Dataset extract:

============

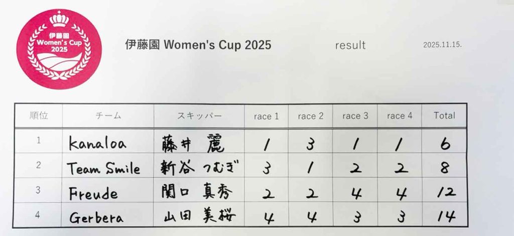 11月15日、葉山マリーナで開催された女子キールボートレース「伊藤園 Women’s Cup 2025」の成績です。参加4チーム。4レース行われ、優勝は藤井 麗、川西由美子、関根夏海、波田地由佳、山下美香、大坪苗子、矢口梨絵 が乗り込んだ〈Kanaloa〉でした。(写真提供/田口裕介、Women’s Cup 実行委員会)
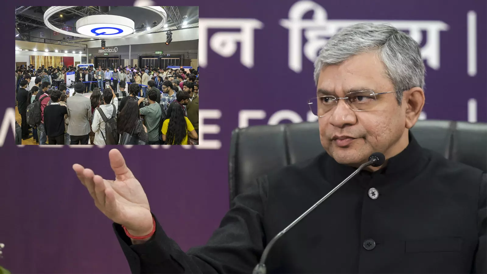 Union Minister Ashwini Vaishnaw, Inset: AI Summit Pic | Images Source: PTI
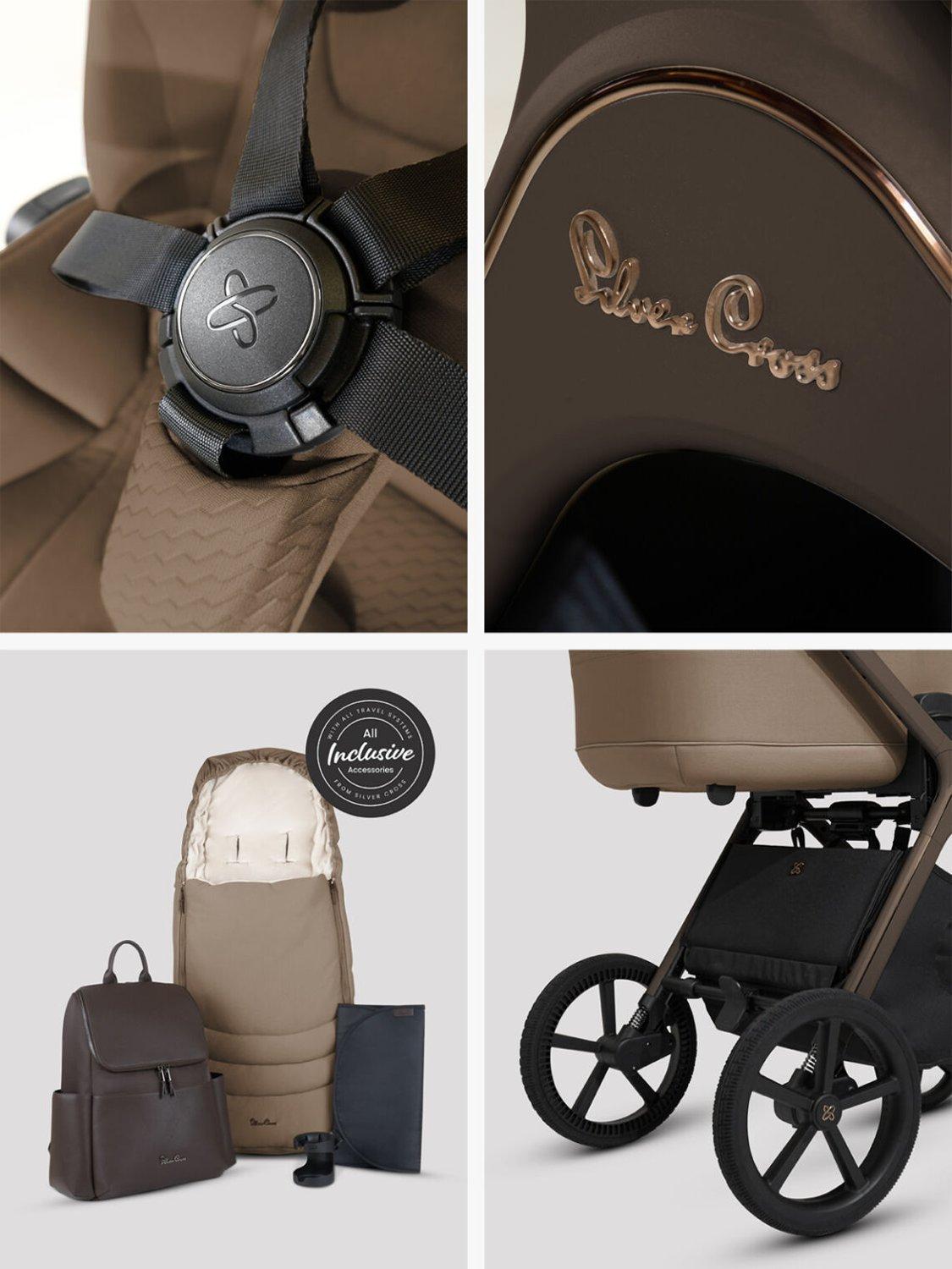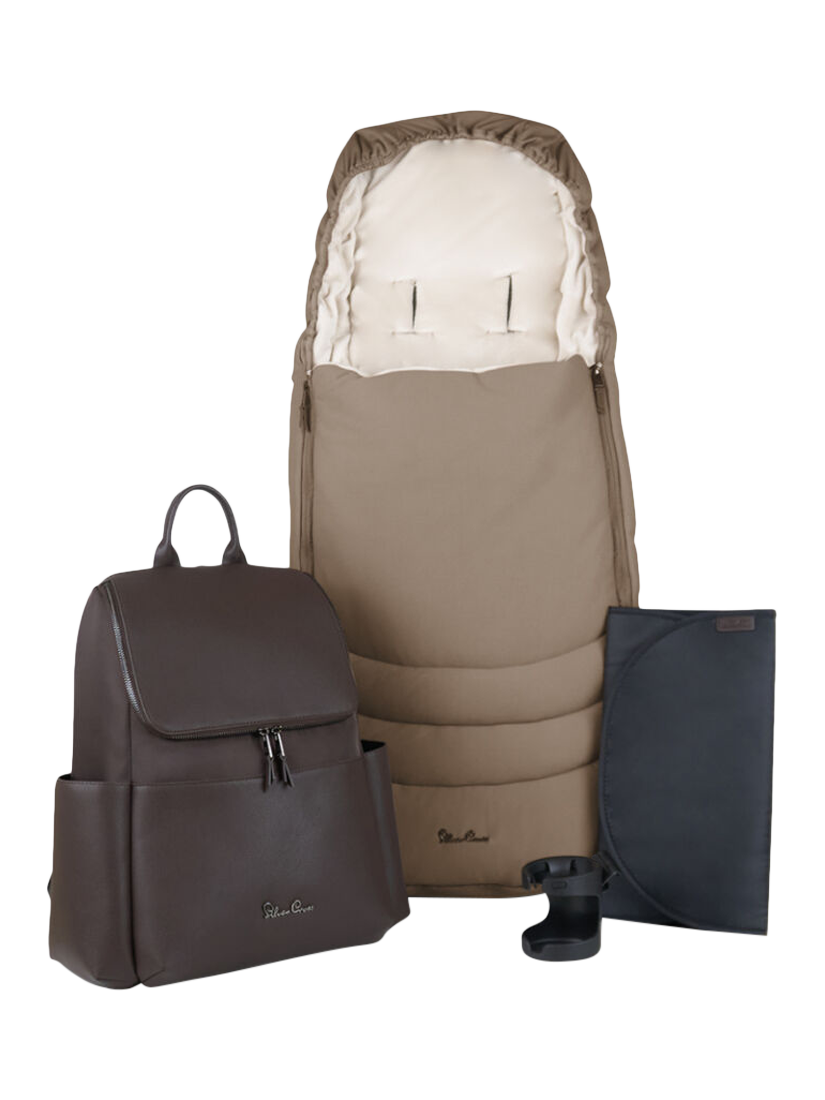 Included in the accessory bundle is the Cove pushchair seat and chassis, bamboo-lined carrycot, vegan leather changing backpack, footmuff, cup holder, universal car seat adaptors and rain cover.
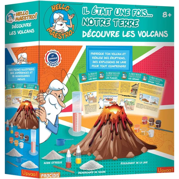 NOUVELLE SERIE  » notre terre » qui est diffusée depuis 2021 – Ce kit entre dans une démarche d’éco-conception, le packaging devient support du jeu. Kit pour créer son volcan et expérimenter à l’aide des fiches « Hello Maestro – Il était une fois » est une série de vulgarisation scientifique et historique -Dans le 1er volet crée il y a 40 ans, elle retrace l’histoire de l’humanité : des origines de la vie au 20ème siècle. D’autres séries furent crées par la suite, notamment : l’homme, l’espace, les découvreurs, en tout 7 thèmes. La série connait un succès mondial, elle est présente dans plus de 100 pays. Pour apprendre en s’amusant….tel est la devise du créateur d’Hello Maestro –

============

Work order:
Please give again, exactly and only, the lines from the top of the listing above through the line that has "Union Minister Ashwini", with pictures left out.

Written answer:
 11月15日、葉山マリーナで開催された女子キールボートレース「伊藤園 Women’s Cup 2025」の成績です。参加4チーム。4レース行われ、優勝は藤井 麗、川西由美子、関根夏海、波田地由佳、山下美香、大坪苗子、矢口梨絵 が乗り込んだ〈Kanaloa〉でした。(写真提供/田口裕介、Women’s Cup 実行委員会)
 Union Minister Ashwini Vaishnaw, Inset: AI Summit Pic | Images Source: PTI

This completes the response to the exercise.